La cheffe de file des élus écologistes à la région, Claire Desmares poursuit : "Pour produire l’électricité nécessaire à l’alimentation du bateau, les moteurs continuent de tourner à quai. Les pêcheurs, et les riverains des ports, sont les premiers à être touchés par ces risques environnementaux, et sur leur santé." (Ce ne serait pas le cas à Lorient où les bateaux utiliseraient un groupe électrogène, moins polluant que leurs moteurs, pour conserver de l’électricité à bord)
Une véritable économie ?
L’élue doute également des retombées économiques des escales de ces navires, et parle de " mirage". "Un seul chiffre : moins d’un passager sur deux a mis pied à terre lors des escales à Saint-Malo l’an dernier. Pas de quoi compenser les pertes économiques pour les pêcheurs, ni les impacts environnementaux induits par les pollutions du bateau."

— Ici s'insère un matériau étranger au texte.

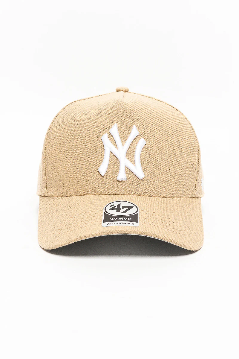 Keep it clean, sharp, and effortlessly cool with this clean beige 47 NY Yankees MVP Snapback. The neutral tone makes it the ultimate streetwear essential, easy to pair with anything, from a fresh white tee to a layered fit. Its understated beige tone brings that minimalist edge while still standing out with laid-back confidence. Built with signature ’47 Brand quality, this cap is all about comfort, style, and versatility... perfect for topping off your fit for the day!
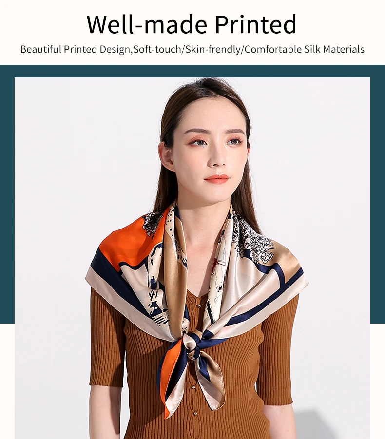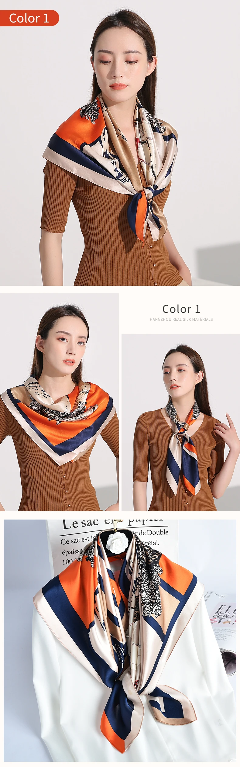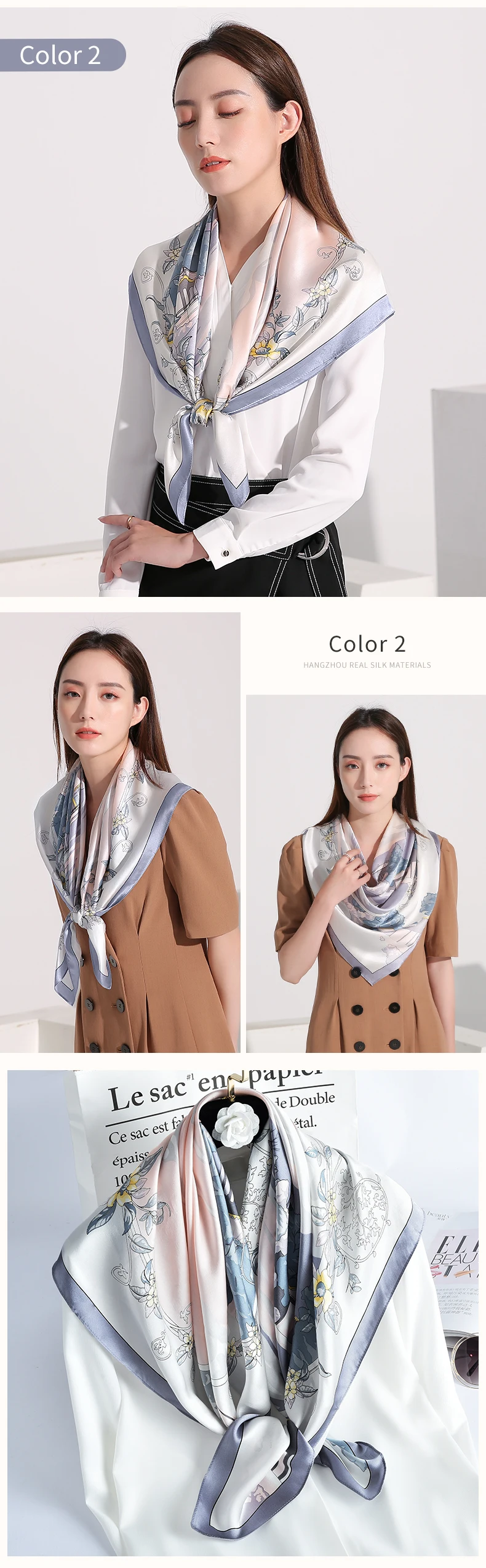 여성 100% 진짜 실크 스퀘어 스카프 항주 순수 실크 Neckscarf 포장 크리스마스 선물 현재 스퀘어 실크 스카프 Bandanas

" Les bateaux qui circulent en Manche et en Atlantique n’utilisent pas le même fuel que ceux qui naviguent en Méditerranée, nuance Alex Lebrun. Ce sont de plus petits bateaux et ceux qui font le plus d’effort. Si on crache comme cela sur les croisiéristes, on se tire une balle dans le pied, car ils n’auront plus les moyens de continuer à innover pour être de moins en moins polluants."
Des villes comme Venise ont interdit les bateaux de croisière, Marseille y songe. " Pourquoi pas nous ?" questionne Claire Desmarres et les manifestants.
Sur les mers comme à terre, concilier écologie et économie reste toujours très compliqué.